■ **Instructions for the task**: The material below has pictures in it. Set down only the lines from the line containing "깨닫다, 눈뜨다, 기억하다" through the line containing "纳指方面,乐观派押注AI等新", word for word, and leave the pictures behind.
==== Records for the exercise
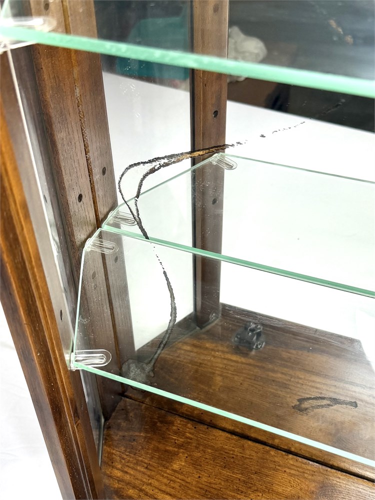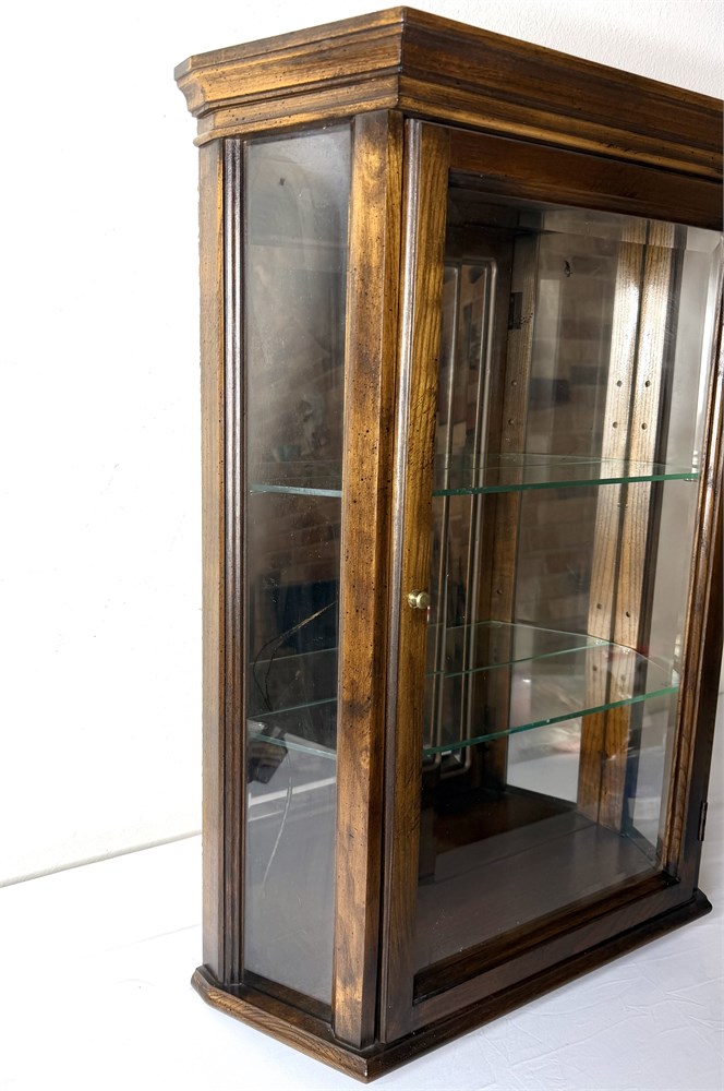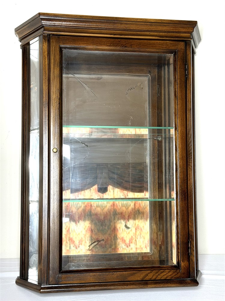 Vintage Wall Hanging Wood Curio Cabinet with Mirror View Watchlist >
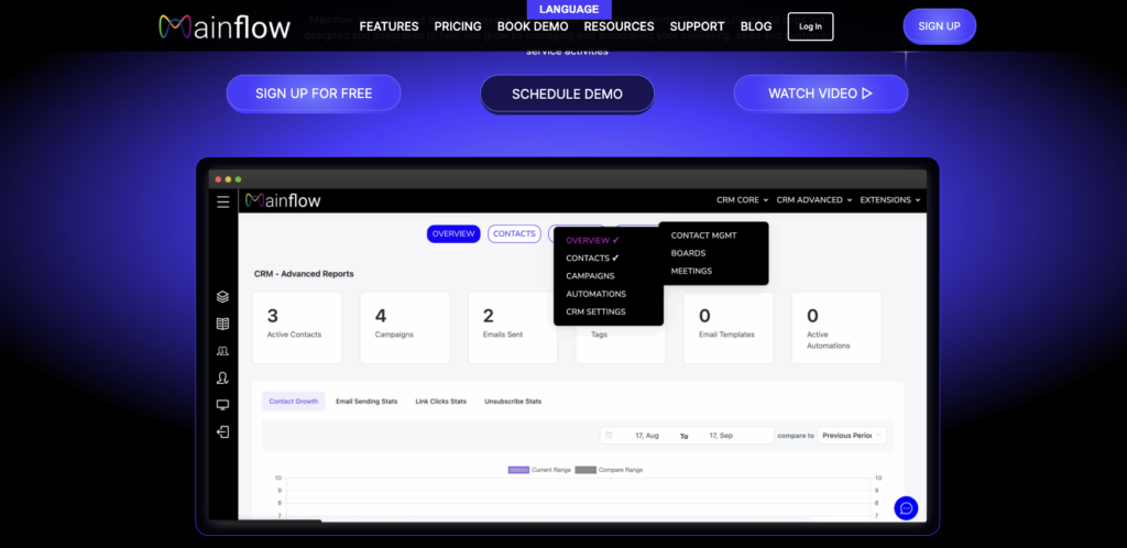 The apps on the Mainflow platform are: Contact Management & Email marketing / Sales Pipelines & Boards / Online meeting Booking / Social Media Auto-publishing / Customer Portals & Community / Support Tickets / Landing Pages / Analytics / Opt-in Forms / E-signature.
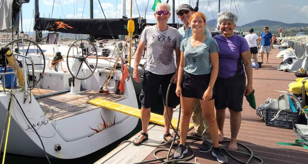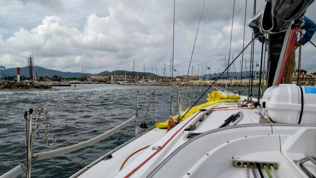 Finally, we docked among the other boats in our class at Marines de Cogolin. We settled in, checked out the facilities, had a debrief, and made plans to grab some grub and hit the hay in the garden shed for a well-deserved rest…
========
==== Records for the exercise
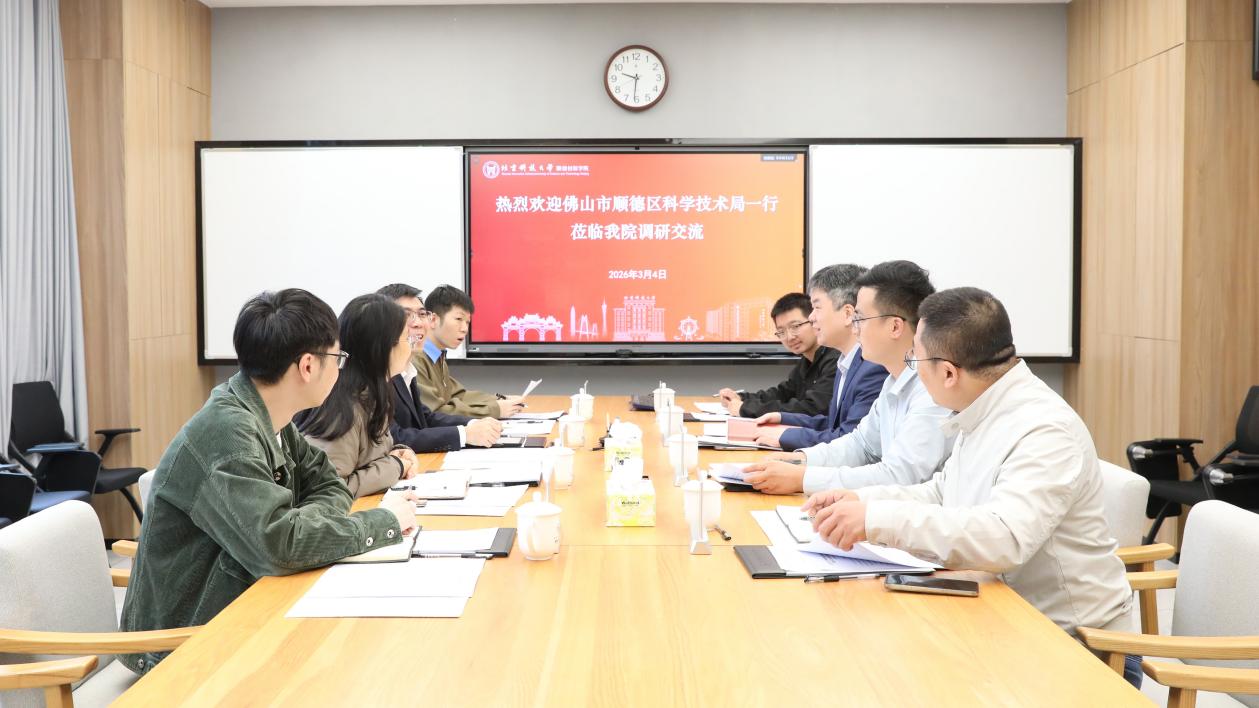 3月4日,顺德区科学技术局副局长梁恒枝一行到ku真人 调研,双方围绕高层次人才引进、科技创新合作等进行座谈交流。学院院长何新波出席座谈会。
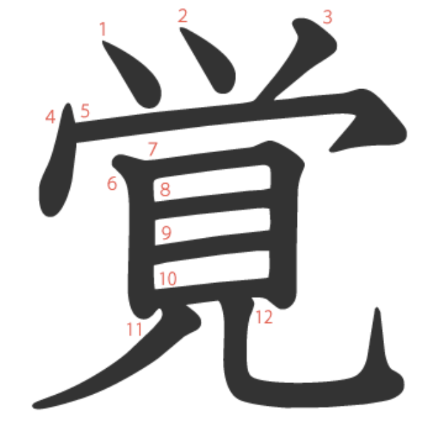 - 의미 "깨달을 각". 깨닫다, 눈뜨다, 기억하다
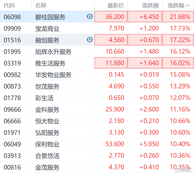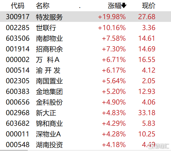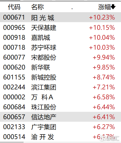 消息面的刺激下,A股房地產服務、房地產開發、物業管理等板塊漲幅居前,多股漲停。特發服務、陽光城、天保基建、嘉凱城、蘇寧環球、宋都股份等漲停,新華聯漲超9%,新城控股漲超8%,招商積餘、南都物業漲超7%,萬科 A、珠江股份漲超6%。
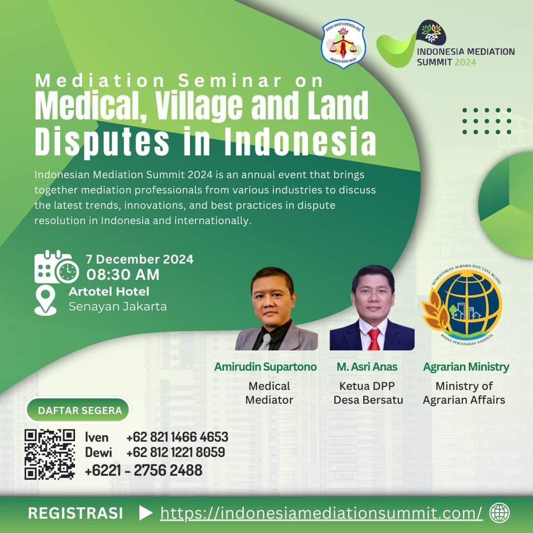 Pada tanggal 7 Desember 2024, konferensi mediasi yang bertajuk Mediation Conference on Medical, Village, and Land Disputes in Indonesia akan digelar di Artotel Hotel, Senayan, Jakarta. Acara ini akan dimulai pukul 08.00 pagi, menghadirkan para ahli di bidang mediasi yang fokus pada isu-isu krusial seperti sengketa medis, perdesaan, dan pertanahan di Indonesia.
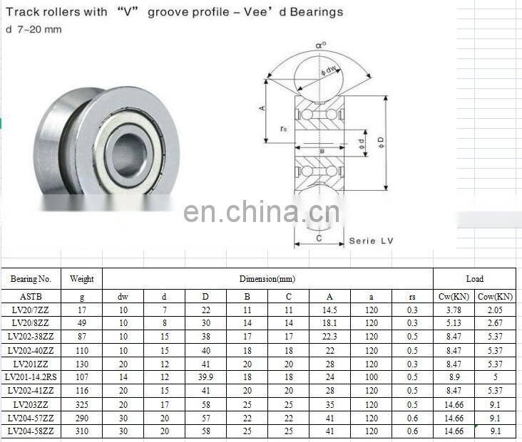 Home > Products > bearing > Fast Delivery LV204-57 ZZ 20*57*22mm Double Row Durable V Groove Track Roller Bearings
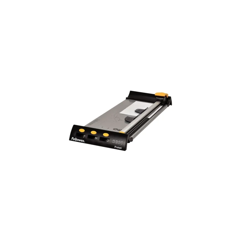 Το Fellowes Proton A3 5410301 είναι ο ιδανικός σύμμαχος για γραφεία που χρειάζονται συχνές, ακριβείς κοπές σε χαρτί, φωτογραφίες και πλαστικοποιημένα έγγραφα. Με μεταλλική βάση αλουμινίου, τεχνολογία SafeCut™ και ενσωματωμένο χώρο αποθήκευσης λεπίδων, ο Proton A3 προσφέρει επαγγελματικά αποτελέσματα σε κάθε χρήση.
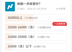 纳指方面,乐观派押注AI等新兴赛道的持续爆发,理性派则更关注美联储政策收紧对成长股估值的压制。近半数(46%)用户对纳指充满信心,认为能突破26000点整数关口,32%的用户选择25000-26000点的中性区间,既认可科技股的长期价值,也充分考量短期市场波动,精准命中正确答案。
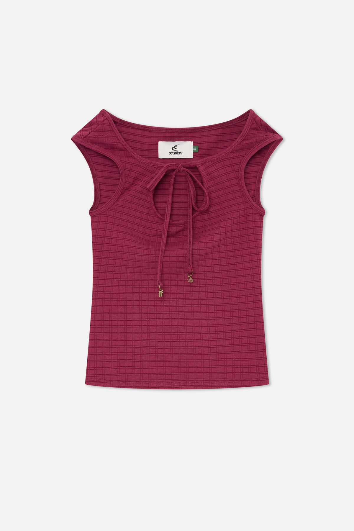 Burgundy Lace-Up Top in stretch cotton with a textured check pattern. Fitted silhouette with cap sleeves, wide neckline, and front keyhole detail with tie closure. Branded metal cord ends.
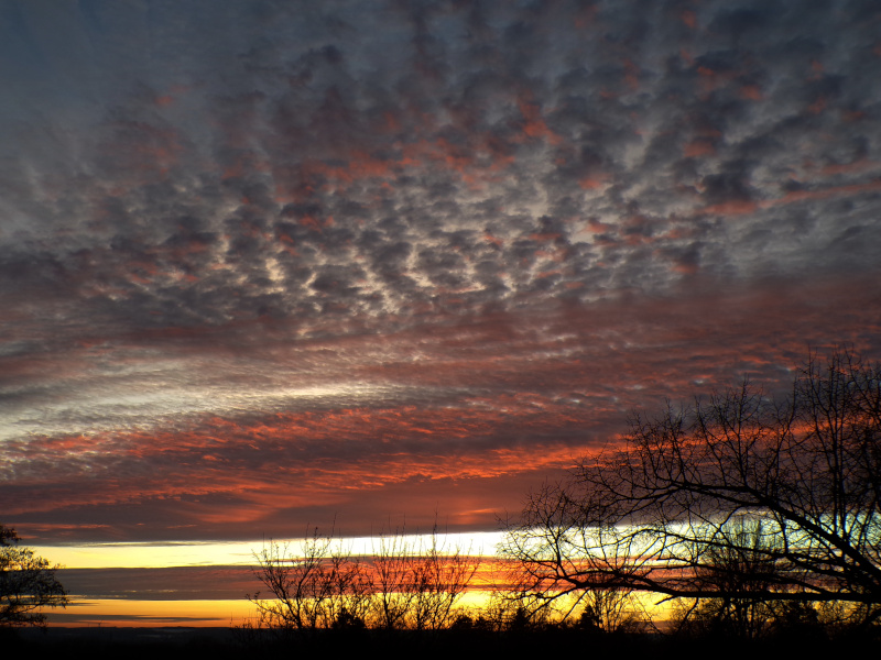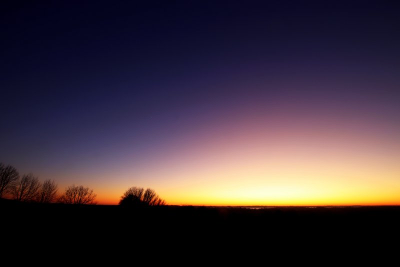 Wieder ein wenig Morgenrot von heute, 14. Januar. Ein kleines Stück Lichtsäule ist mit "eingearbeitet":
========
■ **Completed exercise**:
 - 의미 "깨달을 각". 깨닫다, 눈뜨다, 기억하다
 消息面的刺激下,A股房地產服務、房地產開發、物業管理等板塊漲幅居前,多股漲停。特發服務、陽光城、天保基建、嘉凱城、蘇寧環球、宋都股份等漲停,新華聯漲超9%,新城控股漲超8%,招商積餘、南都物業漲超7%,萬科 A、珠江股份漲超6%。
 Pada tanggal 7 Desember 2024, konferensi mediasi yang bertajuk Mediation Conference on Medical, Village, and Land Disputes in Indonesia akan digelar di Artotel Hotel, Senayan, Jakarta. Acara ini akan dimulai pukul 08.00 pagi, menghadirkan para ahli di bidang mediasi yang fokus pada isu-isu krusial seperti sengketa medis, perdesaan, dan pertanahan di Indonesia.
 Home > Products > bearing > Fast Delivery LV204-57 ZZ 20*57*22mm Double Row Durable V Groove Track Roller Bearings
 Το Fellowes Proton A3 5410301 είναι ο ιδανικός σύμμαχος για γραφεία που χρειάζονται συχνές, ακριβείς κοπές σε χαρτί, φωτογραφίες και πλαστικοποιημένα έγγραφα. Με μεταλλική βάση αλουμινίου, τεχνολογία SafeCut™ και ενσωματωμένο χώρο αποθήκευσης λεπίδων, ο Proton A3 προσφέρει επαγγελματικά αποτελέσματα σε κάθε χρήση.
 纳指方面,乐观派押注AI等新兴赛道的持续爆发,理性派则更关注美联储政策收紧对成长股估值的压制。近半数(46%)用户对纳指充满信心,认为能突破26000点整数关口,32%的用户选择25000-26000点的中性区间,既认可科技股的长期价值,也充分考量短期市场波动,精准命中正确答案。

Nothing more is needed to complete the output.